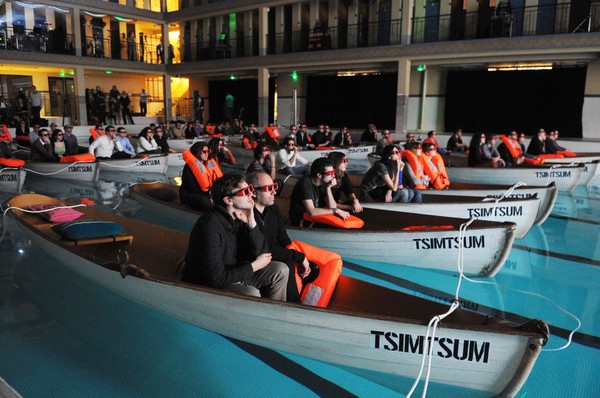 11. Phòng chiếu phim di động trên thuyền cứu hộ tại... bể bơi ở Paris, Pháp.
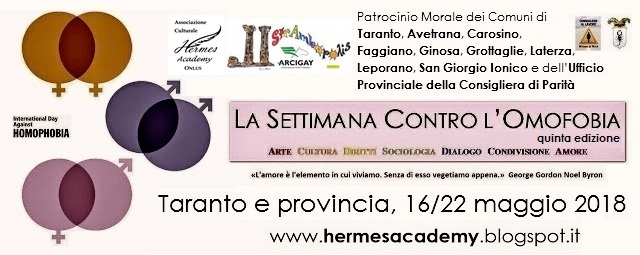 In occasione della Giornata Internazionale contro l’OmoBiTransfobia, su richiesta delle associazioni Hermes Academy Onlus e Strambopoli, Presidio Arcigay nella provincia di Taranto, dal balcone centrale di Palazzo di Città a Taranto e sulla facciata del Municipio di Carosino , del Municipio di Grottaglie e dei Municipi di Faggiano, di Ginosa, di Leporano, di San Giorgio Jonico, da mercoledì 17 maggio sventola la bandiera arcobaleno, a testimonianza dell’impegno profuso dalle amministrazioni locali nella lotta contro ogni forma di discriminazione.
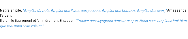 Ancienne signification parue en 1798 dans dictionnaire de l’Académie Française.Merci à Sylvianne et Firmin pour la numérisation du mot empiler.
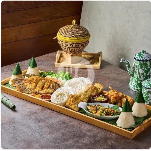Nasi liwet dengan teri medan + ayam kampung/gurame goreng + udang goreng tepung + tim peda + tempe/tahu +karedok + sambal
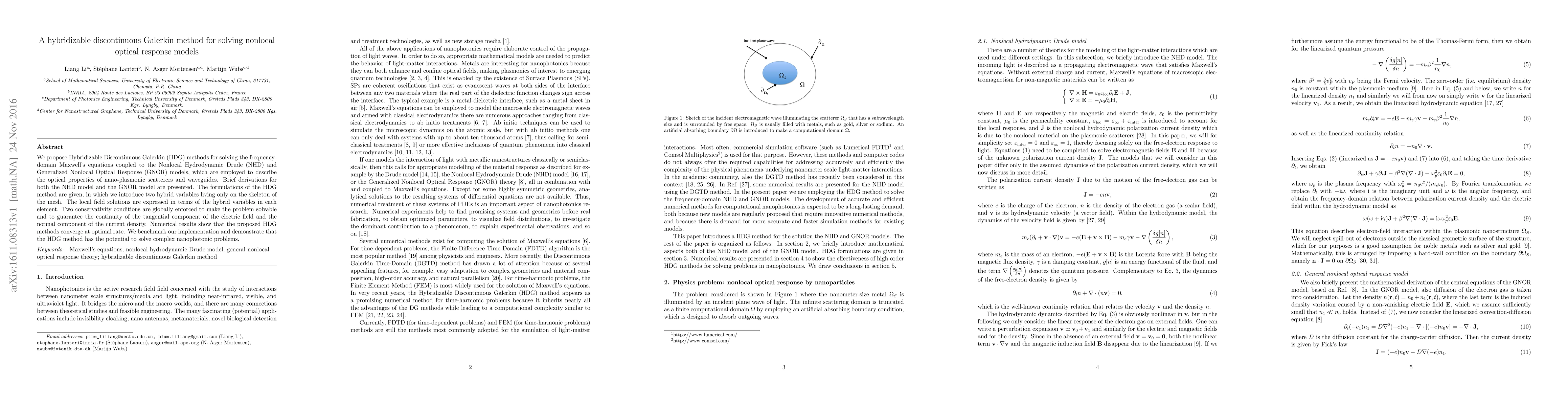 We propose Hybridizable Discontinuous Galerkin (HDG) methods for solving the frequency-domain Maxwell's equations coupled to the Nonlocal Hydrodynamic Drude (NHD) and Generalized Nonlocal Optical Response (GNOR) models, which are employed to describe the optical properties of nano-plasmonic scatterers and waveguides. Brief derivations for both the NHD model and the GNOR model are presented. The formulations of the HDG method are given, in which we introduce two hybrid variables living only on the skeleton of the mesh. The local field solutions are expressed in terms of the hybrid variables in each element. Two conservativity conditions are globally enforced to make the problem solvable and to guarantee the continuity of the tangential component of the electric field and the normal component of the current density. Numerical results show that the proposed HDG methods converge at optimal rate. We benchmark our implementation and demonstrate that the HDG method has the potential to solve complex nanophotonic problems.
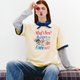 🧤 采用厚实棉质,着感舒适的浅黄色 T-shirt,饰有海军蓝滚边。
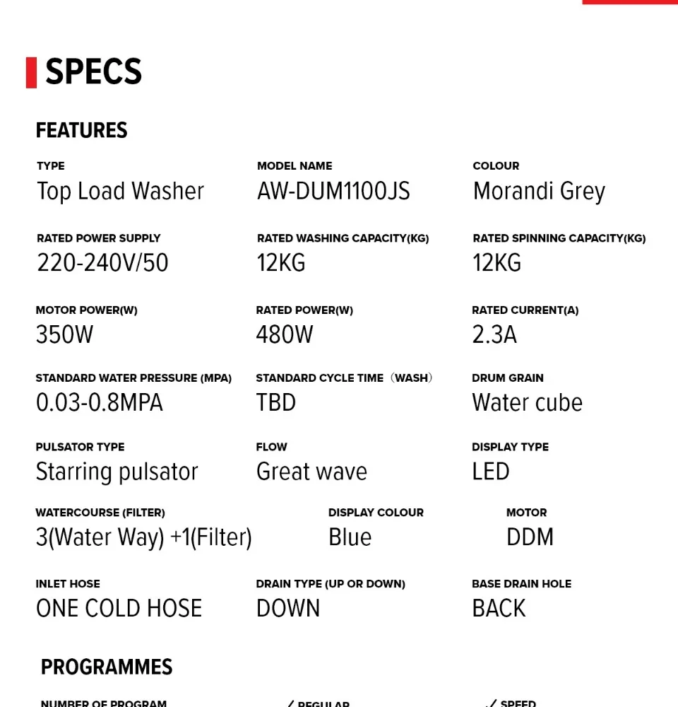 AW-DUK1300KS 12KG TOP LOAD WASHER
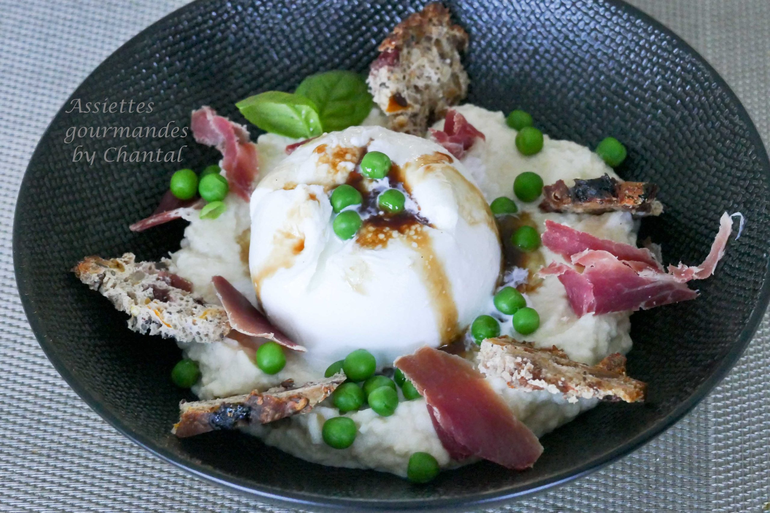 1 burrata, 1 boite de fonds d’artichaut (250 g net égoutté), 3 cuil. à s. de crème, 1/4 citron, lamelles de pain, 1 poignée de petits pois, fleur de sel, poivre blanc de Kampot, vinaigre balsamique, huile d’olive, lamelles de jambon (et au gré de vos envies, copeaux de Parmesan, basilic…)
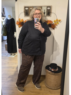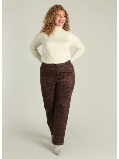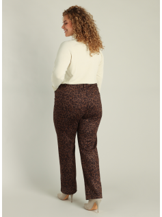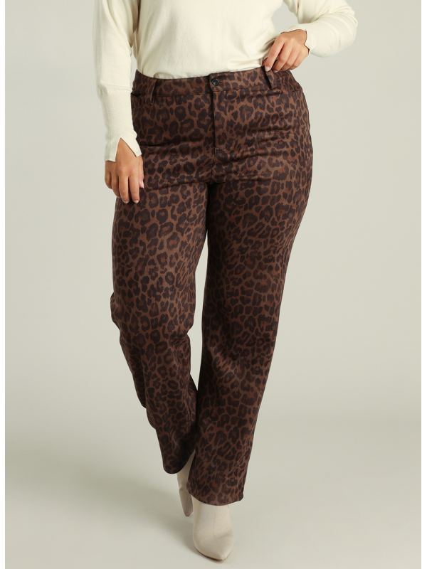 Pantalon imprimé léopard au toucher peau de pêche très agréable et doux. Forme style 5 pockets avec jambe droite. En 100% polyester. Matière confortable. Entrejambe : 80 cm
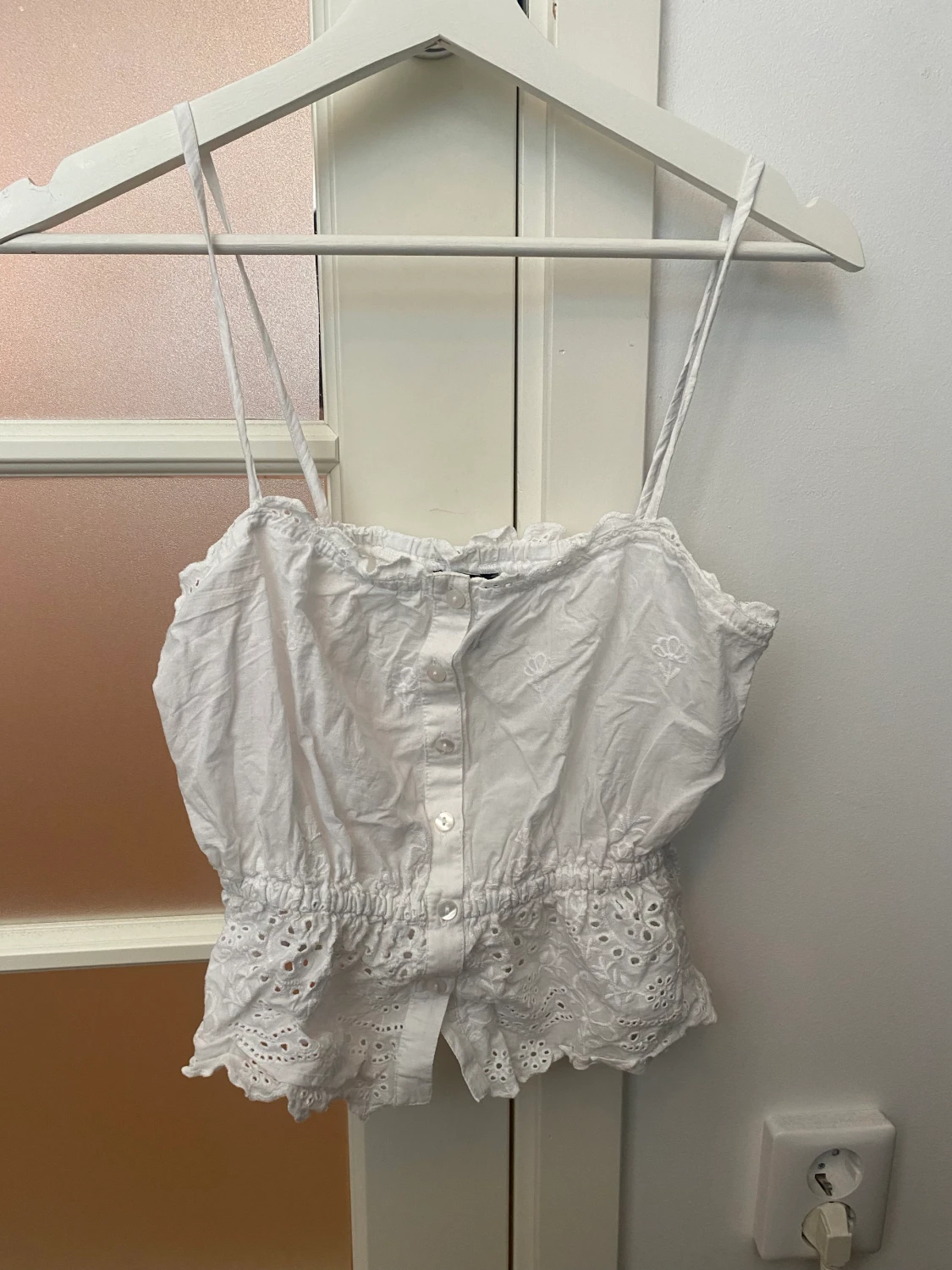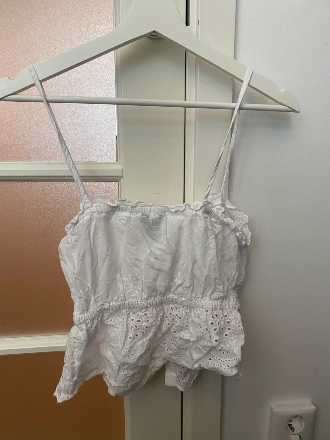 Jätte gullig sommar topp med lite blommigt mönster. Aldrig använd då den var för liten när jag köpte den och glömde lämna tillbak.
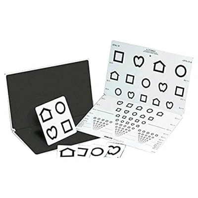 Vision Test Suitable for vision screening in schools and for evaluating children with special needs from 3 years old. The board has a hole for hanging on the wall Dimensions: 43 x 53.3 cm; folded: 43 x 26.7 cm
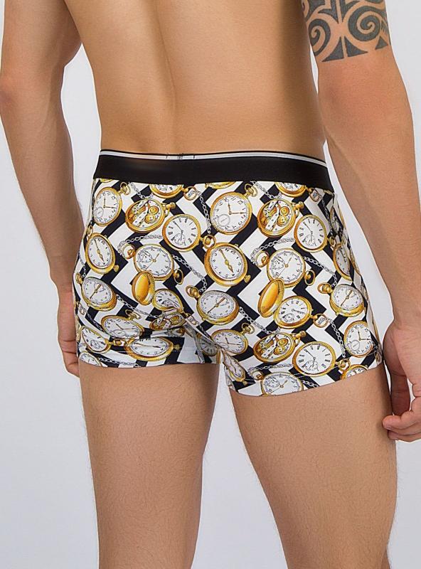 Выполнены в белом цвете с ярким и веселым принтом, изображающим золотые часы на цепочке.
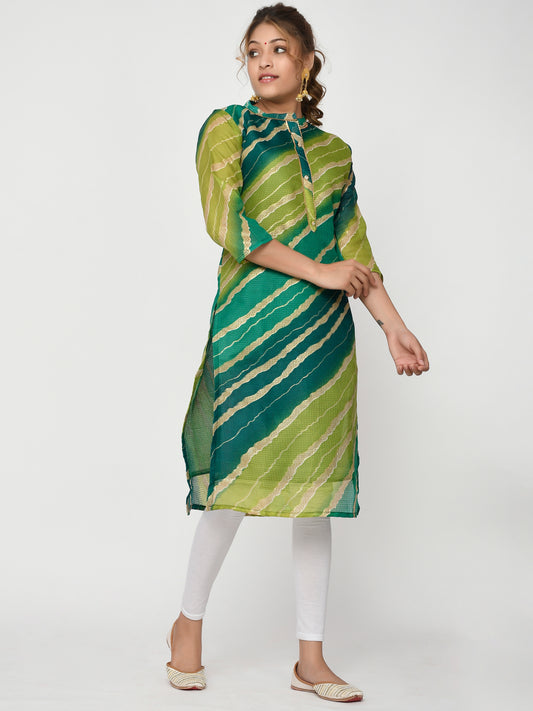 Women Green & Golden Leheriya Printed Straight Aakhya Kurta
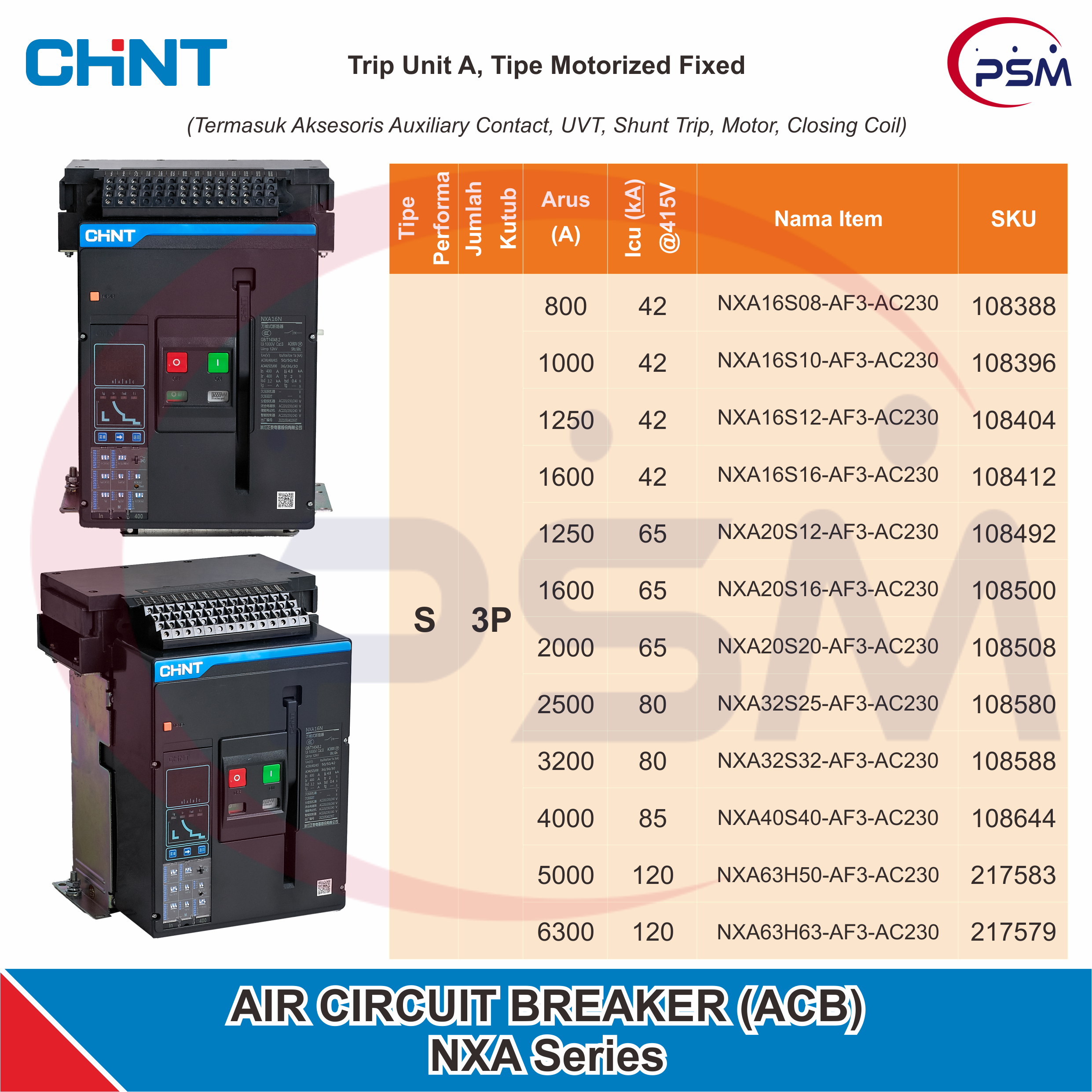 Varian Produk dan Harga NXA Series Trip Unit A, Tipe Motorized Fixed Performa : S / 3P
────────────────
TASK PROMPT
Word for word, retype the lines in the entries above that run from the one with "Ancienne signification parue" through the one with "1 burrata, 1". Both ends count; pictures do not.

SOLUTION FOR THIS EXERCISE
 Ancienne signification parue en 1798 dans dictionnaire de l’Académie Française.Merci à Sylvianne et Firmin pour la numérisation du mot empiler.
Nasi liwet dengan teri medan + ayam kampung/gurame goreng + udang goreng tepung + tim peda + tempe/tahu +karedok + sambal
 We propose Hybridizable Discontinuous Galerkin (HDG) methods for solving the frequency-domain Maxwell's equations coupled to the Nonlocal Hydrodynamic Drude (NHD) and Generalized Nonlocal Optical Response (GNOR) models, which are employed to describe the optical properties of nano-plasmonic scatterers and waveguides. Brief derivations for both the NHD model and the GNOR model are presented. The formulations of the HDG method are given, in which we introduce two hybrid variables living only on the skeleton of the mesh. The local field solutions are expressed in terms of the hybrid variables in each element. Two conservativity conditions are globally enforced to make the problem solvable and to guarantee the continuity of the tangential component of the electric field and the normal component of the current density. Numerical results show that the proposed HDG methods converge at optimal rate. We benchmark our implementation and demonstrate that the HDG method has the potential to solve complex nanophotonic problems.
 🧤 采用厚实棉质,着感舒适的浅黄色 T-shirt,饰有海军蓝滚边。
 AW-DUK1300KS 12KG TOP LOAD WASHER
 1 burrata, 1 boite de fonds d’artichaut (250 g net égoutté), 3 cuil. à s. de crème, 1/4 citron, lamelles de pain, 1 poignée de petits pois, fleur de sel, poivre blanc de Kampot, vinaigre balsamique, huile d’olive, lamelles de jambon (et au gré de vos envies, copeaux de Parmesan, basilic…)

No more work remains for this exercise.